__TASK GOAL__:
All the data below goes into the copy word for word, but the pictures don't.

__COLLECTED DATA__:
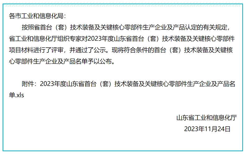 按照省首(shǒu)台(套)技(jì)術裝備及關鍵核心零部(bù)件生(shēng)產(chǎn)企業及產品認定的有關規(guī)定,經各市工(gōng)業和信息化局推薦,專家評審等環節,擬將286種產品列入《2023年度山東省首台(套)技術裝備及關(guān)鍵核(hé)心零部件企業及產品名單》
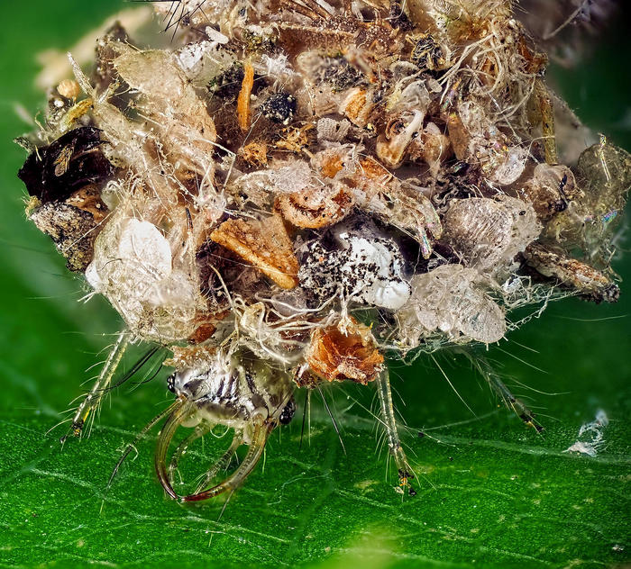 219 mikrofoto Лига любителей макрофото Мусорщик 6 лет назад Личинка златоглазки маскируетсяУвидел как свалка размером 3 мм двигается по листу.. [моё] Макросъемка Насекомые Маскировка Фотография
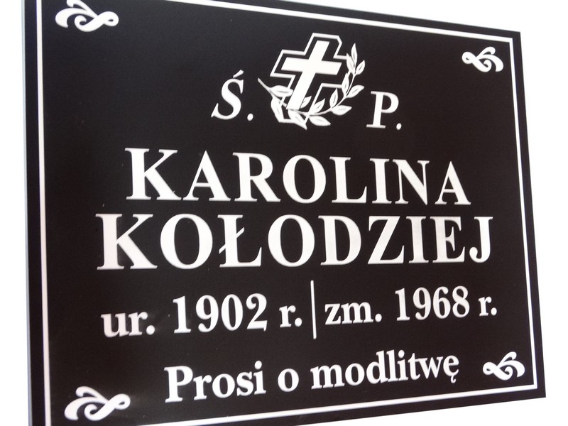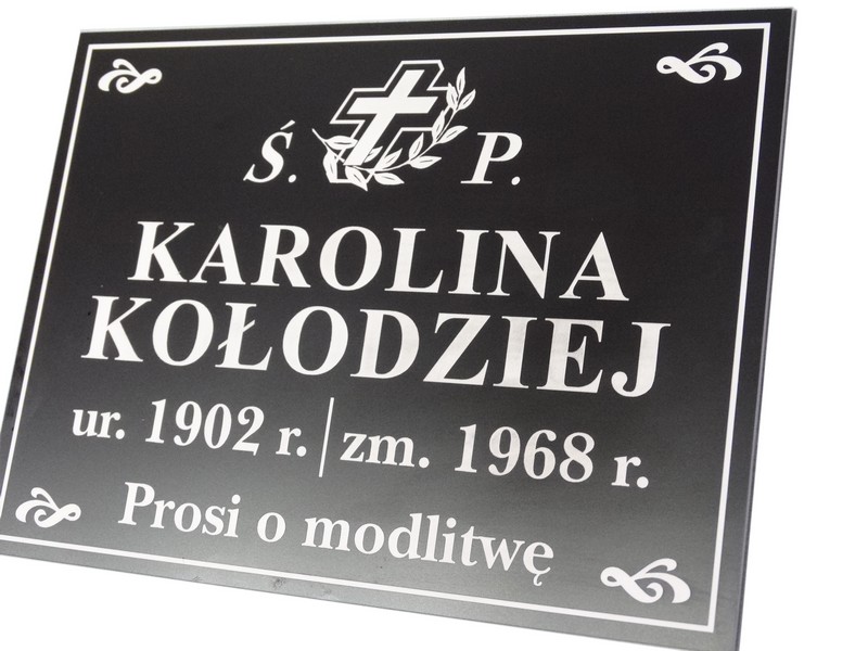 Na tabliczce grawerowana może być treść, napis, ozdobniki czy grafiki.
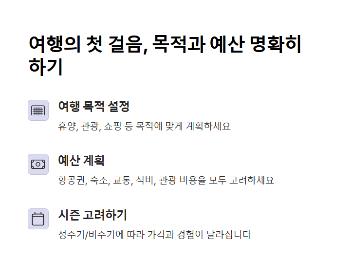 1️⃣ 여행 목적: 관광, 휴양, 액티비티 등 목적을 명확히 하면 경비와 일정을 쉽게 계획할 수 있어요.

__RESPONSE FOR THIS EXERCISE__:
 按照省首(shǒu)台(套)技(jì)術裝備及關鍵核心零部(bù)件生(shēng)產(chǎn)企業及產品認定的有關規(guī)定,經各市工(gōng)業和信息化局推薦,專家評審等環節,擬將286種產品列入《2023年度山東省首台(套)技術裝備及關(guān)鍵核(hé)心零部件企業及產品名單》
 219 mikrofoto Лига любителей макрофото Мусорщик 6 лет назад Личинка златоглазки маскируетсяУвидел как свалка размером 3 мм двигается по листу.. [моё] Макросъемка Насекомые Маскировка Фотография
 Na tabliczce grawerowana może być treść, napis, ozdobniki czy grafiki.
 1️⃣ 여행 목적: 관광, 휴양, 액티비티 등 목적을 명확히 하면 경비와 일정을 쉽게 계획할 수 있어요.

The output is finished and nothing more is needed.